A mature, often dark singer enjoying his mastery
Santa Fe Listener | Santa Fe, NM USA | 12/09/2009
(5 out of 5 stars)
"Matthias Goerne has a large fan base and much critical acclaim, but even with these advantages and his honeyed voice, it's risky to record a dozen Schubert CDs. He won't be covering every song suitable for the male voice, as Fischer-Dieskau did for DG, so completists won't be attracted on that score. The artistry of each installment will have to speak for itself. So far, it has, and using different pianists as collaborators has helped leaven the sameness of the first four editions. This time we get the noted German conductor Ingo Metzmacher, who proves to be capable and thoroughly musical, if not exactly a revelation. The theme centers on the ancient world of Greece (or Griechenland as the first, haunting song has it).

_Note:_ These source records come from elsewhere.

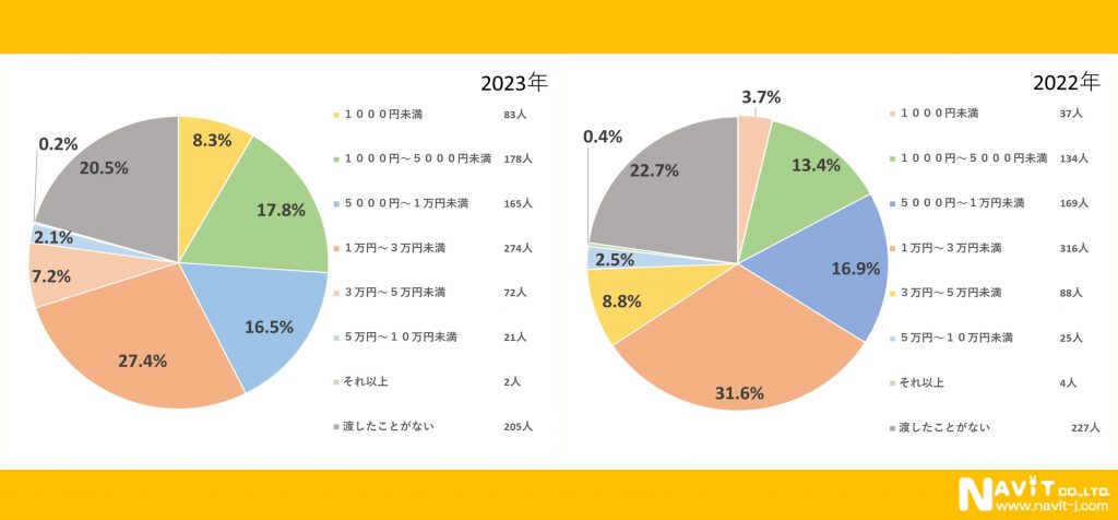 お年玉をあげたことが「ある」と回答されたかたは昨年(76.7%)より2.9%増えた79.6%でした。約8割の方がお年玉をあげたことがあるという回答となっています。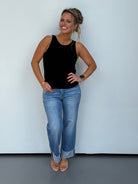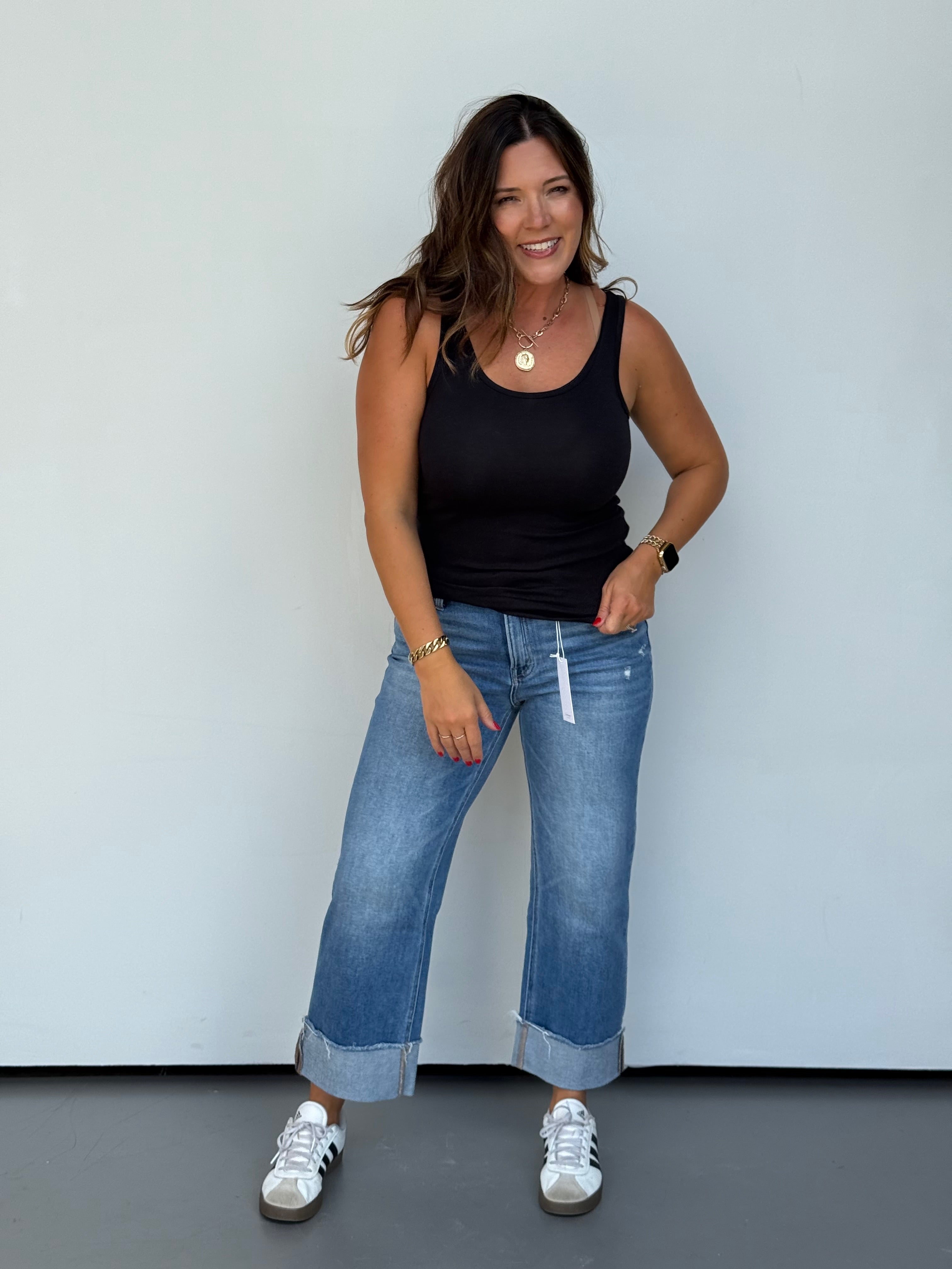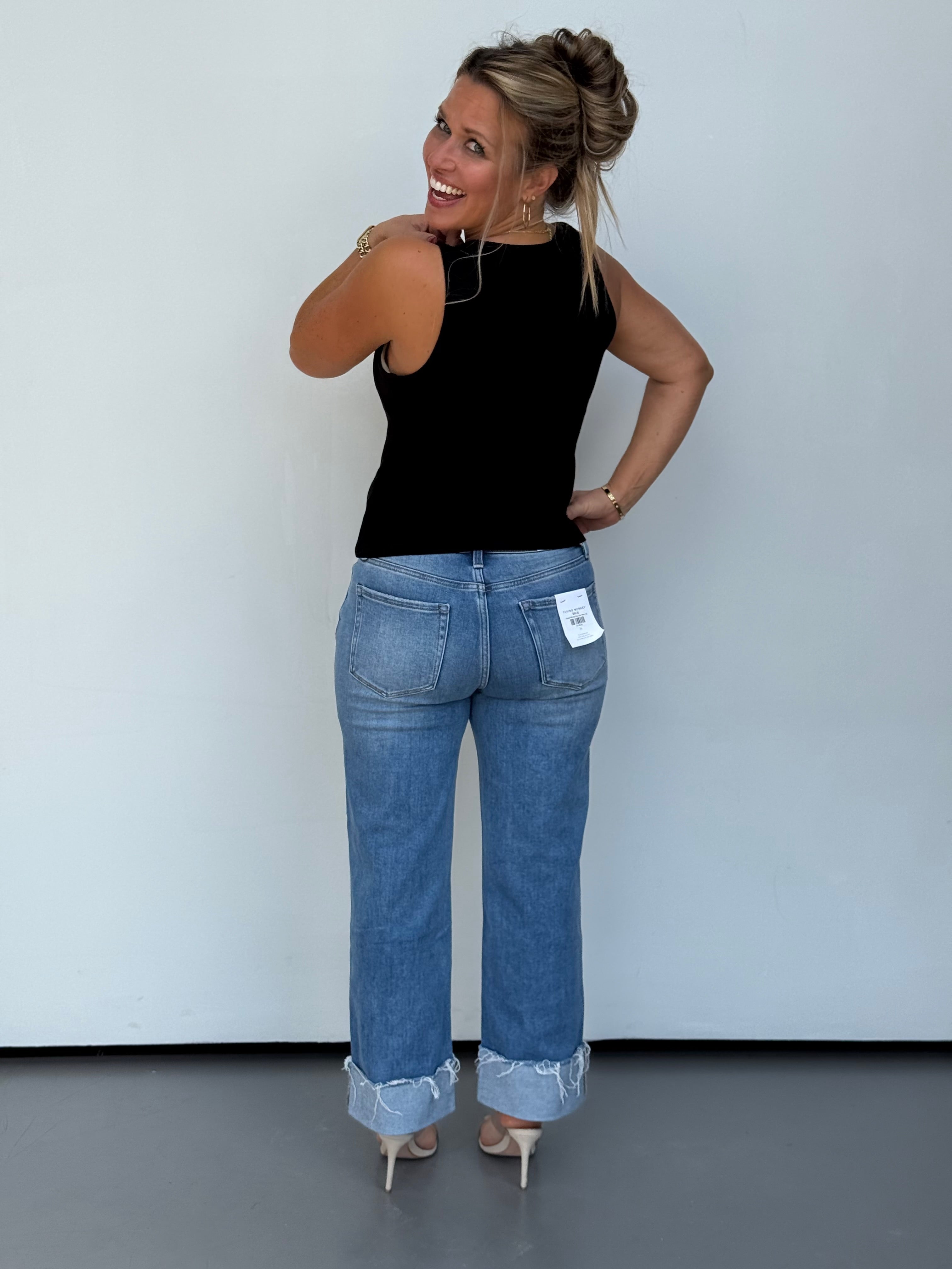 These Flying Monkey High-Rise Slim Cuffed Hem Wide Leg Jeans for Women are the perfect balance of style and comfort. Distressed hems, zipper and button closure, and a wide leg style – all designed to keep you looking fashionable and feeling comfortable.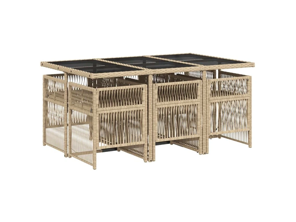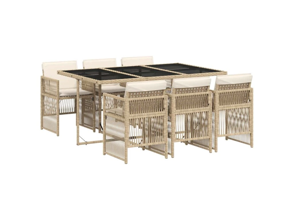 7dílný zahradní jídelní set s poduškami béžový polyratan 3210910

I'm no specialist, but as a lover of Schubert lieder, I recognized as old favorites about a third of the songs presented here, and about an equal number were completely new, including the paired Heliopolis songs, D. 753 and D. 754, that give the album its title. I am an on-again, off-again fan of Goerne's smooth, creamy delivery, and having heard him now in over a hundred lieder since the series began, I find it harder to find much variety. Yet I must hasten to add that this is singing of a very accomplished order -- it's not as if Goerne has to worry about close rivals except for a veteran like Thomas Hampson. I wish he weren't so eternally serious, to the point of grimness, in this repertoire. Schubert has lightness as one of his main characteristics, but Goerne is never carefree, even when Schubert is. The cursed Orestes is meat for him, or any song that's tragic, gloomy, declamatory, or lamenting.
In short, Goerne likes to stay on the dark side, and as a result, his Schubert can grow wearisome. Take his intense artistry a few songs at a time, and you find an exceptional singer enjoying the fruits of his maturity."